How To Stop Letting Your Inner Critic Run Your Life

How To Stop Letting Your Inner Critic Run Your Life

Do you have a Ms. Gulch (aka “Wicked Witch of the West”) lurking in the background of your life, constantly casting doubt on you?  Questioning whether you are “good enough”, “smart enough”, “loveable enough”, or “successful enough”? This is the voice of your inner critic (we all have one)  It can either devastate you or you can learn how to diminish its power.

Let me introduce you to mine–I call her Gulchy. She’s a combination of my mother and ex-mother in law–a one-two punch of Jewish guilt and unbridled criticism. She’s ugly looking, ruthless, angry and very powerful. She lives in a dark castle with creaky floors, cobwebs, bats flying around and she eats rats for breakfast. She talks in a shrill threatening voice and thinks she is omnipotent.

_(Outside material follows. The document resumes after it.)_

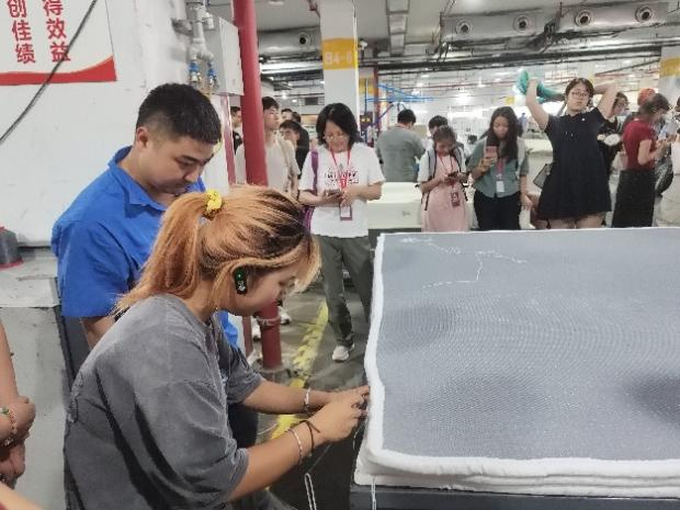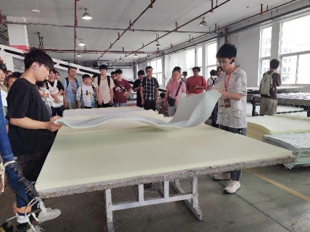 顾家家居江东基地的实操环节,将课堂直接搬进了生产一线,让同学们经历了一场匠艺洗礼。通过3D床垫的手工缝线组装和海绵拼装等关键环节实操体验,同学们真正感受到了产品制造过程中对精度和质量的严格要求。实操环节让学生深刻认识到理论知识与实际操作的差距,通过实际操作真正理解了工艺要求的严格性。参与实操的同学感慨道:“每个工艺环节都需要精确控制,都是品质的守护者,这对我们今后的专业学习,是最生动的指导。”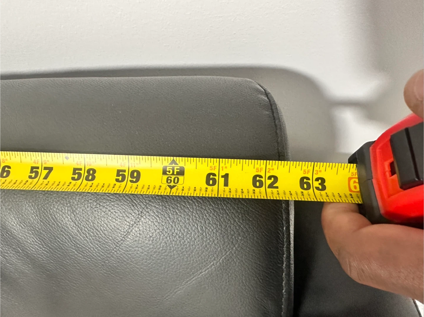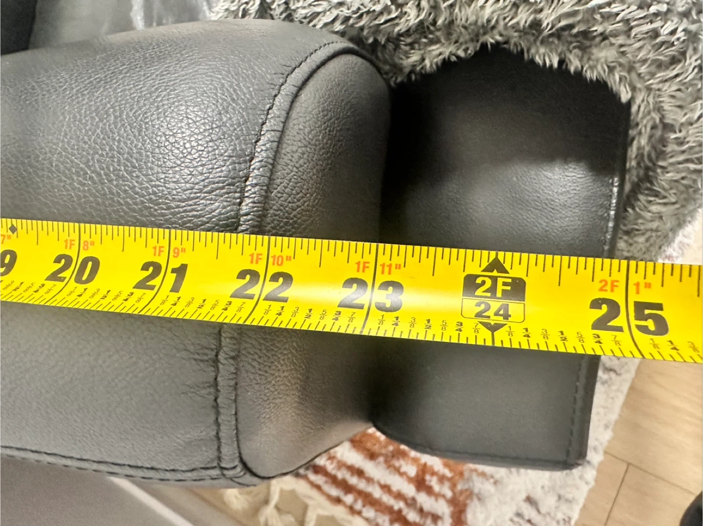 This is a black leather sofa and an armchair. The sofa measures approximately 80 inches in length. The armchair is about 35 inches wide. Both pieces are made of genuine leather.

Her desire is to deprive me of things that are important to me. She wants me to suffer as she has suffered. To experience loneliness, grief, doubt and emotional shutdown. To feel inadequate and insecure, just like she has in the past. By making me feel small, she feels more powerful so that she can thrive.

She has shown up very frequently in my life, particularly when I’m about to do something major or take a big risk (like when I published my book). And when something doesn’t go as expected, she’s the first to say “I told you so…Xanet, you will never be good enough”.

I used to let her run my life. It’s what kept me in a loveless marriage for such a long time. In a corporate career that I was never passionate about. Wearing baggy clothes because I did not feel comfortable in my own body. She’s what made me feel unattractive, undesirable, sexually broken, and failing at being a good mother and wife.

Gulchy’s power and hold on me began to diminish when I started to engage with her.  Just like every other negative emotion that we have, when we are actually able to lean into our fears and look at it with compassion and curiosity, it’s power diminishes.

Personifying Gulchy was the first step. By giving her a name, visualizing her looks, where she lives, what she eats for breakfast, what car she drives, made her less scary.  All of a sudden she became a cartoon character who I could laugh at, rather than cower. Try this for yourself and see who you come up with!

Understanding the rationale behind her actions was the next step in disempowering Gulchy. It’s not that she was just mean and cranky. She was actually threatened by my own power and success at being a Mom and having a career. Deep down she wanted that for herself too but didn’t know how to accomplish it.

Also, Ms. Gulchy needed to always be the center of attention because as a child her needs were never met. I felt a lot of compassion for her around this (I know that what feels like too), but I also told her, quite vehemently, that this activity needed to stop. While these actions might accomplish her short term goal, of getting what she wanted in the moment, (e.g. preventing me from feeling good about an accomplishment),  it was completely contrary to her real need, for love and acceptance. Rather than pulling me towards her, her actions pushed me further and further away.

The way I got Gulchy to shut up, (or at least pipe down) was by writing her a letter. Writing to or about your fears is another way to help diminish its power.  Also free-associative writing, I suggest handwriting so you don’t edit it, allows your inner consciousness and voice to take over. You know who I mean. The one who is wise, rationale, and actually can offer good, rather than bad advice.

Try it yourself and see how quickly and effectively you quelch your own inner critic!